Certains en font l’incarnation d’une menace qui pour être attentatoire à la diplomatie est forcément terroriste. Julian Assange est pour nombre de personnes dans le monde un quasi criminel à arrêter d’urgence. Et pourtant l’un de ses plus illustres prédécesseurs, Daniel Ellsberg, montre qu’à ce petit jeu là les gouvernements n’ont pas toujours gain de cause.
Pas un jour sans que « l’affaire Wikileaks » n’ait son flot d’indignations ou d’accusations émanant de hauts responsables politiques dénonçant l’irresponsabilité des agissements de Julian Assange.

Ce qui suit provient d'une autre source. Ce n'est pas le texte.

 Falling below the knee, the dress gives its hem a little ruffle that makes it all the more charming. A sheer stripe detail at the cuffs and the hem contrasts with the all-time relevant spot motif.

Et pourtant loin de nier le caractère potentiellement utopiste de cette démarche, il semble intéressant ; en parallèle de tout ce que Wikileaks nous dit des médias, de la politique, de l’idéal démocratique et du principe de transparence, idéal jusque là irréalisé des Lumières, d’identifier d’éventuels précédents.
Au premier rang d’entre eux figure bien sur le cas de Daniel Ellsberg, qui durant l’été 1971 révélât au public les fameux Pentagon Paper. Alors expert de la défense cet homme, docteur en économie de Harvard, était à l’époque âgé de 40 ans. Des mois durant il photocopia, et oui internet facilite grandement le travail aujourd’hui, les 7000 pages d’un rapport secret rédigé à la demande de McNamara sur l’implication politique et militaire des États-Unis dans la guerre du Viêt Nam de 1945 à 1971.

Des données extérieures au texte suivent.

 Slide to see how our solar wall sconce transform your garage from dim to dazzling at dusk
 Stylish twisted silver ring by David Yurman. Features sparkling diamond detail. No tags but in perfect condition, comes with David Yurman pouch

A l’époque l’affaire fit grand bruit. Comme pour Wikileaks de grands journaux s’était emparé de ces 47 volumes pour tenter d’informer l’opinion publique. Et la classe politique, diplomates en tête, avait hurlé à l’irresponsabilité. Informer les citoyens sur ce qui doit rester secret ? Pensez donc c’est une infamie.
Pour de tels actes Ellsberg avait été poursuivi pour vol, conspiration et espionnage, le cabinet de son psychiatre avait même été cambriolé, sa carrière se trouva stoppé net. Persuadé, à juste titre vraisemblablement, que le retournement de l’opinion publique contre la guerre datait de cette affaire, l’administration Nixon organisa son espionnage et son harcèlement.

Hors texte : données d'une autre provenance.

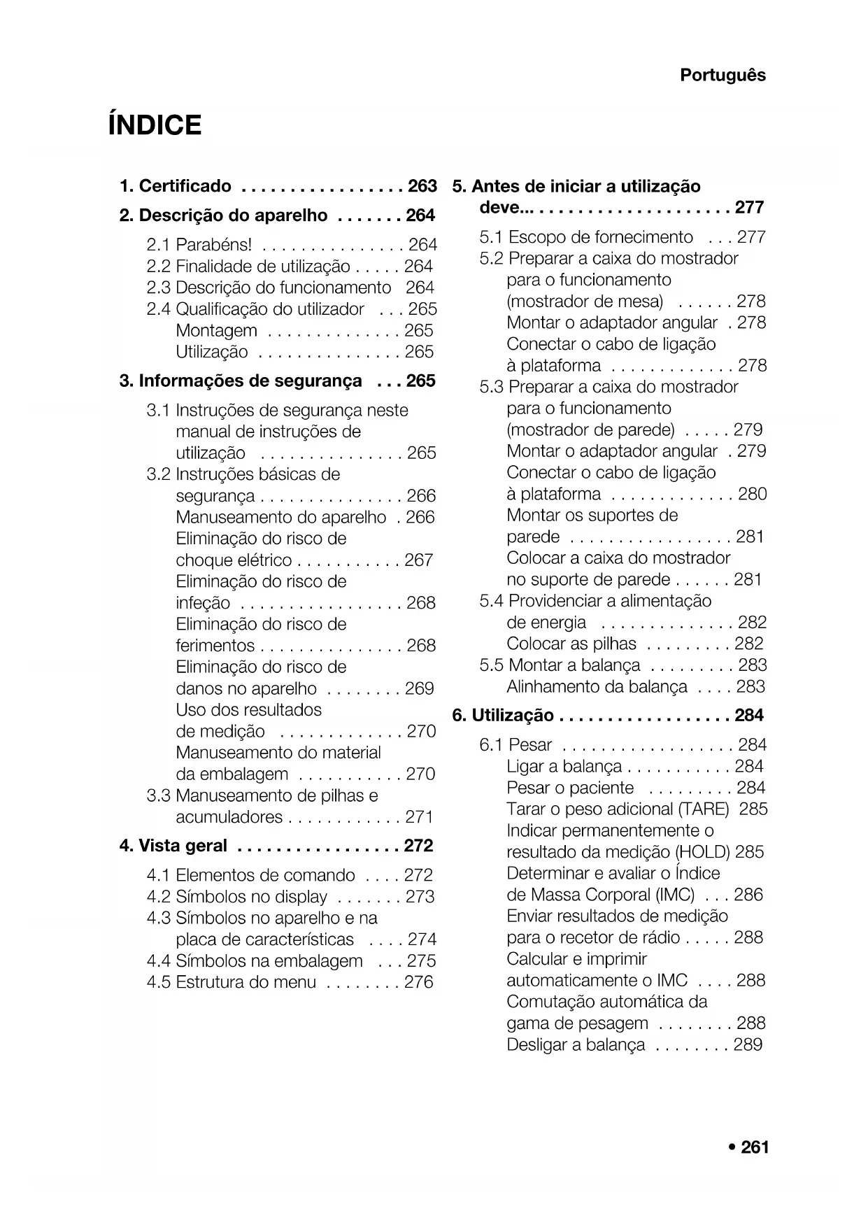 3.1 Instruções de segurarça nestemanual de instruções deutilização 265

Mais Ellsberg résista et ne renia jamais rien des engagements et des convictions qui avaient guidés son action. En 1973 Ellsberg fut acquitté et le New York Times, qui fut poursuivi pour avoir publié des extraits du document, s’en sortit, lui aussi, sans encombre. Le jugement de la Cour Suprême (The New York Times Co. Vs United States) fit même précédent
Preuve en est que certes Assange peut se voir comme un utopiste à l’attaque d’une forteresse bien défendue. Son action ne doit vraisemblablement pas se passer de notre point de vue critique. Mais notons, tout de même, qu’il peut très bien faire l’histoire, tout comme Ellsberg pu, dans « l’illégalité », la controverse et les risques, la faire.